Work required – From the records below, output exactly the lines starting at the line with "En una imagen" and ending at the line with "意味不明あだ名 | 『自称りこしあ』『ペロリンりこしあ』 |", both of them included, but no pictures.

(Dataset records)

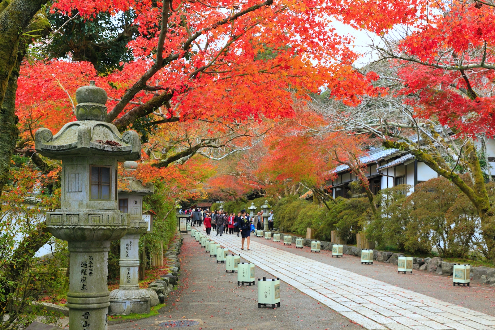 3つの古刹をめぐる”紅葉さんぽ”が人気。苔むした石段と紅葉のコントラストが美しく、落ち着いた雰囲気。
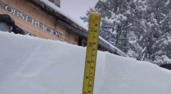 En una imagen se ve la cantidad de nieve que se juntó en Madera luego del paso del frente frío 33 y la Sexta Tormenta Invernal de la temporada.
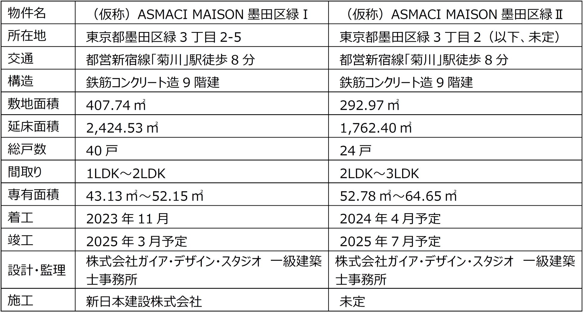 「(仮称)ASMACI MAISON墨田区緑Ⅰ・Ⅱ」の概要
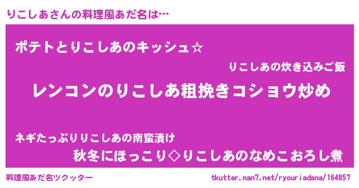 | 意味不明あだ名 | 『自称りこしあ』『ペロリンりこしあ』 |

(End Dataset records)
(Dataset records)

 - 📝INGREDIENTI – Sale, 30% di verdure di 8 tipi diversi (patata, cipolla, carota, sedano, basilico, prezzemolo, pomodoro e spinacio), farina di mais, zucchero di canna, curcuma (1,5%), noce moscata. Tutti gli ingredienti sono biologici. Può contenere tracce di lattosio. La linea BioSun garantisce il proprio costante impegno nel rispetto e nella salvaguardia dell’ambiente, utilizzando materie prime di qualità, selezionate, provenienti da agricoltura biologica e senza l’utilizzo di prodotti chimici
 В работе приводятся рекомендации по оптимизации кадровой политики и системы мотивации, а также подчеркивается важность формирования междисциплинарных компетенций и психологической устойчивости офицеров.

(End Dataset records)

Your response –
 En una imagen se ve la cantidad de nieve que se juntó en Madera luego del paso del frente frío 33 y la Sexta Tormenta Invernal de la temporada.
 「(仮称)ASMACI MAISON墨田区緑Ⅰ・Ⅱ」の概要
 | 意味不明あだ名 | 『自称りこしあ』『ペロリンりこしあ』 |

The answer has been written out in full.